A storm battering the northeast Chinese coast today whipped up waves that threatened a dyke protecting a chemical plant, forcing residents to flee while soldiers and firefighters rushed to fill the breach, news media said.
The waves slamming the coast near the port city of Dalian in Liaoning province were brought by tropical storm Muifa as it skated off the coast, hitting a half-built dyke protecting the Jinzhou development zone, official news agency Xinhua reported.
Behind a growing hole in the protective wall is a storage area containing around 20 metal tanks holding oil-based chemicals at the Fujia industrial chemical plant, said the website of the People's Daily newspaper.
"If the breach cannot be blocked up, toxic chemical products may spill, and that would be extremely dangerous," the newspaper website reported from Dalian.
A Chinese television report said the threat was "under control".
Over 1,000 firefighters, troops and border guards rushed to prevent sea water from creating a bigger hole that could trigger a spill of toxic chemicals from the Fujia plant, said the People's Daily website.
Troops and police also helped disperse nearby residents, said the report, which gave no details of any damage or injuries.
Chinese television news showed trucks and earth movers lined up to block the 200m wide breach with rocks and sand.

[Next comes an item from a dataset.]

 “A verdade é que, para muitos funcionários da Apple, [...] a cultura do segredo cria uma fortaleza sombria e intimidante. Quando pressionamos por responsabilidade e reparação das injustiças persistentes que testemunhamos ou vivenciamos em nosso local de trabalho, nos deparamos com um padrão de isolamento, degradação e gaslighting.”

"We do not know anything about the spill, and we cannot say anything," said a spokeswoman for the Fujia chemical company.

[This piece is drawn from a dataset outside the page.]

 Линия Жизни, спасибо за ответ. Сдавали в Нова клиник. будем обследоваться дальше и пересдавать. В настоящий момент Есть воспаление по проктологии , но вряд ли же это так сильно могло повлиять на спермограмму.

A serious chemical leakage would be a fresh headache for Liaoning, which recently suffered an oil spill from two offshore platforms.

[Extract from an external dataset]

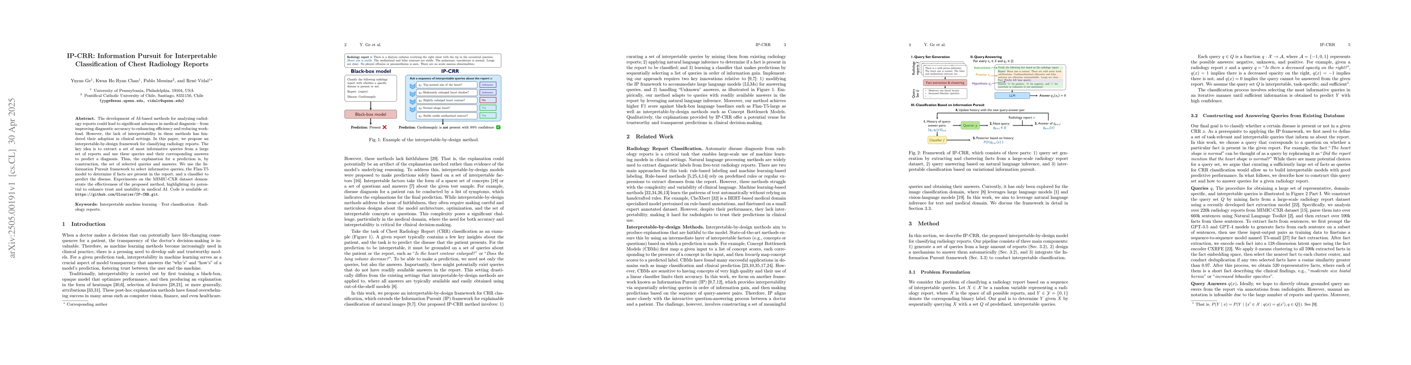 The development of AI-based methods for analyzing radiology reports could lead to significant advances in medical diagnosis--from improving diagnostic accuracy to enhancing efficiency and reducing workload. However, the lack of interpretability in these methods has hindered their adoption in clinical settings. In this paper, we propose an interpretable-by-design framework for classifying radiology reports. The key idea is to extract a set of most informative queries from a large set of reports and use these queries and their corresponding answers to predict a diagnosis. Thus, the explanation for a prediction is, by construction, the set of selected queries and answers. We use the Information Pursuit framework to select informative queries, the Flan-T5 model to determine if facts are present in the report, and a classifier to predict the disease. Experiments on the MIMIC-CXR dataset demonstrate the effectiveness of the proposed method, highlighting its potential to enhance trust and usability in medical AI.

Pollutants from that spill have been found spreading to beaches, and been blamed for losses to tourism and aquatic farming businesses, Xinhua reported in July.
So far, China has avoided any serious damage from Muifa, which weakened to a tropical storm from a typhoon as it approached the country's east coast over the weekend.
Shandong province, which is across the Bohai Sea from Liaoning province, moved hundreds of thousands of residents from coastal areas and ordered tens of thousands of boats and other vessels to stay in ports as the storm passed.
Earlier, the full brunt of the typhoon's core missed Shanghai, but strong gusts knocked down billboards and briefly cut power to at least two residential areas.